La semaine dernière, on y a découvert, morte, la mère d’une enfant de 12 ans, lourdement handicapée. Incapable d’endurer plus longtemps les souffrances de sa fille, elle l’avait tuée, il y a plus d’un an. Après quelque chose qui ressemble à un procès, elle s’en est allée finir de perdre la boule dans un asile où on lui a laissé assez de corde pour se pendre.

Culpabilité, désespoir, démence. Sa famille s’interroge sur l’incompétence de ceux qui l’ont laissée sans surveillance, d’autres, se souvenant du regard vide de Robert Latimer en route vers sa geôle, se questionnent sur la fragilité des frontières entre meurtre, délivrance et compassion.

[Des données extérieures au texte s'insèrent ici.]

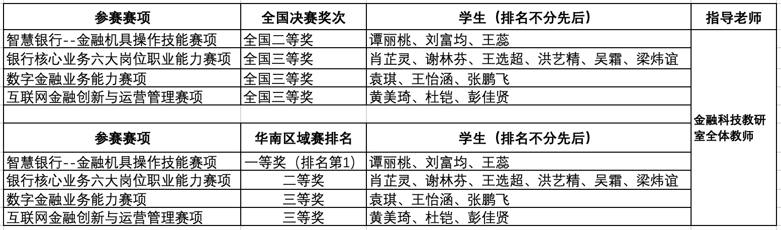 由全国高校金融创新大赛组委会举办、注册金融科技分析师协会及国际注册理财师学会做指导单位、由典阅教育承办的“2022年第七届全国大学生金融创新大赛”华南区域赛及全国决赛分别于2022年10月22日和11月12日在我校举行。分设智慧银行-金融机具操作技能赛项、银行核心业务六大岗位职业能力赛项、保险创新科技赛项、互联网金融创新与运营管理赛项、数字金融业务能力赛项等5项专业赛事。
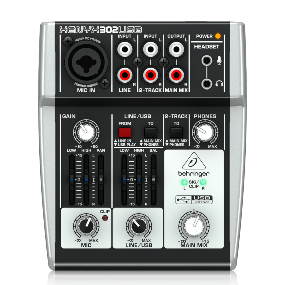Mezclador Análogo. 1 entrada híbrida (xlr o línea) 1 entrada estéreo de línea por rca Ecualizador gráfico de 3 bandas para cada canal. Puerto usb de salida para grabación Entrada de micrófono y salida de audífonos para headset Alimentacion vía USB, cable y adaptador incluido.

Il y a loin d’ici, en terre sainte, des enfants encore en couche-culotte que l’on déguise en bombe humaine.

Sur les photos retrouvées par la police, on les voit ainsi affublés lors des fêtes, portant le bandeau aux couleurs du Hamas, une ceinture d’explosifs factice autour du petit pantalon et de la Pampers.

Quelques porte-parole palestiniens expliquent: "Il s’agit d’une coutume en vogue dans les mariages et les remises de diplômes… C’est dans ce terreau fait de désespoir et d’identité bafouée que naissent les vocations de martyr", ajoute-t-il, pour justifier l’immonde mode.

Il n’ira certes pas dire ce que l’on soupçonne. Depuis le 11 septembre, l’islam bascule peu à peu dans les camps des islamistes, fous de dieux de toute sorte, et en perd le sens de la société civile.

Mais de dieux, comme de la patrie, un enfant de deux ans n’en a assurément rien à foutre.

C’est un mensonge, de la démence, on ne construit ni une patrie ni une société en suicidant ses enfants.

Et la petite bombe qui sourit n’a pas de libre arbitre, il ne se pare de dynamite que pour faire plaisir à ses connards de parents qui lui disent: "Très bien, bravo, c’est ainsi que tu seras un homme, mon fils!"

Quel rapport entre ces trois histoires? Démontrer la différence entre la valeur que l’on attache à une vie d’enfant d’ici, à une vie d’enfant de Palestine? Non.

On raconte dans la légende de l’Apocalypse qu’il existe quelque part un réservoir d’âmes. Qu’il en est donnée une à chaque enfant lorsqu’il vient au monde. Que le monde s’arrêtera lorsque ce réservoir sera vide.

Mais a-t-on le droit de tricher?

Je voudrais bien savoir, quelqu’un, peut-être Kermit la grenouille, tient le compte entre ceux que l’on force à partir et ceux qui auraient bien voulu rester?